Start of MATERIAL PROVIDED
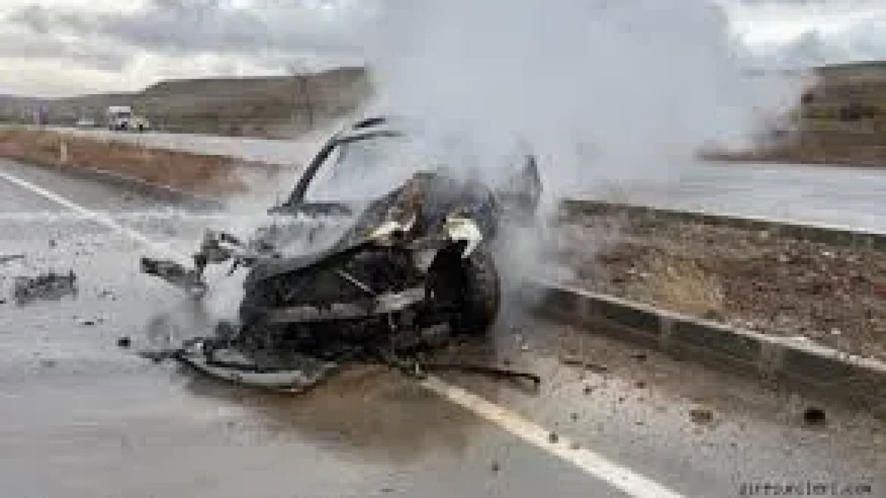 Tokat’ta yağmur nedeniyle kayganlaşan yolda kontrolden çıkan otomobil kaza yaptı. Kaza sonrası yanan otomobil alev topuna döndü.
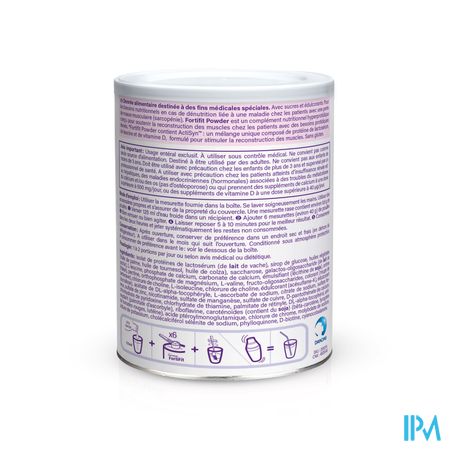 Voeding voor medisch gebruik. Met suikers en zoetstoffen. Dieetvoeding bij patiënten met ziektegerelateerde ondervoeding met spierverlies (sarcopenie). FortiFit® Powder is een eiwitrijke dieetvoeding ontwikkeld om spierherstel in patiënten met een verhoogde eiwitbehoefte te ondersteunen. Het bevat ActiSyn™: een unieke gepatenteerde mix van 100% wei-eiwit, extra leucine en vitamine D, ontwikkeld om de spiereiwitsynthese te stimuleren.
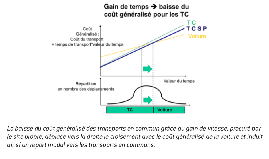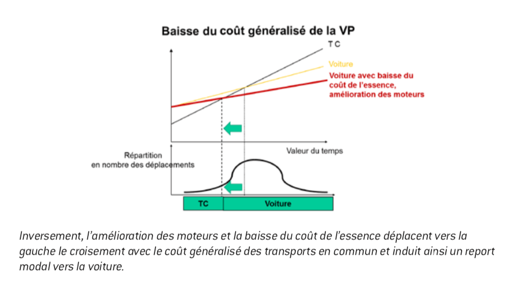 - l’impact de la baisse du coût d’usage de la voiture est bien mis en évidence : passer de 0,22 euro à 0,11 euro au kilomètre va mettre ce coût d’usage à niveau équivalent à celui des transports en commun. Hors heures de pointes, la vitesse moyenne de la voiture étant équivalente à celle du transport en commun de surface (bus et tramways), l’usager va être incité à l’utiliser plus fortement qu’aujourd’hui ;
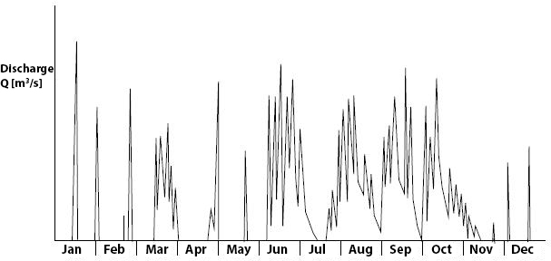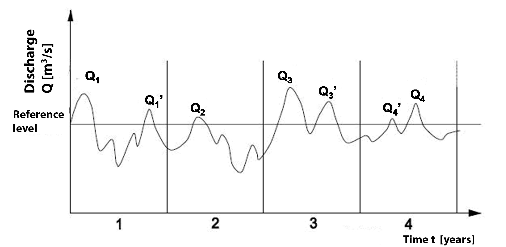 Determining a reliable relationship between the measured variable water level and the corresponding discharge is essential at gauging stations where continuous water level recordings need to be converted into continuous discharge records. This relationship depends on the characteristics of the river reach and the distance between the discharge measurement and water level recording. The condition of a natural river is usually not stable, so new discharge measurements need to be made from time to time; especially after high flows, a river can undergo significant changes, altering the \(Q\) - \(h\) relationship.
End of MATERIAL PROVIDED
AIM OF THE TASK ▸
Omit the pictures and output all of the other material exactly.

ANSWER SPACE ▸
 Tokat’ta yağmur nedeniyle kayganlaşan yolda kontrolden çıkan otomobil kaza yaptı. Kaza sonrası yanan otomobil alev topuna döndü.
 Voeding voor medisch gebruik. Met suikers en zoetstoffen. Dieetvoeding bij patiënten met ziektegerelateerde ondervoeding met spierverlies (sarcopenie). FortiFit® Powder is een eiwitrijke dieetvoeding ontwikkeld om spierherstel in patiënten met een verhoogde eiwitbehoefte te ondersteunen. Het bevat ActiSyn™: een unieke gepatenteerde mix van 100% wei-eiwit, extra leucine en vitamine D, ontwikkeld om de spiereiwitsynthese te stimuleren.
 - l’impact de la baisse du coût d’usage de la voiture est bien mis en évidence : passer de 0,22 euro à 0,11 euro au kilomètre va mettre ce coût d’usage à niveau équivalent à celui des transports en commun. Hors heures de pointes, la vitesse moyenne de la voiture étant équivalente à celle du transport en commun de surface (bus et tramways), l’usager va être incité à l’utiliser plus fortement qu’aujourd’hui ;
 Determining a reliable relationship between the measured variable water level and the corresponding discharge is essential at gauging stations where continuous water level recordings need to be converted into continuous discharge records. This relationship depends on the characteristics of the river reach and the distance between the discharge measurement and water level recording. The condition of a natural river is usually not stable, so new discharge measurements need to be made from time to time; especially after high flows, a river can undergo significant changes, altering the \(Q\) - \(h\) relationship.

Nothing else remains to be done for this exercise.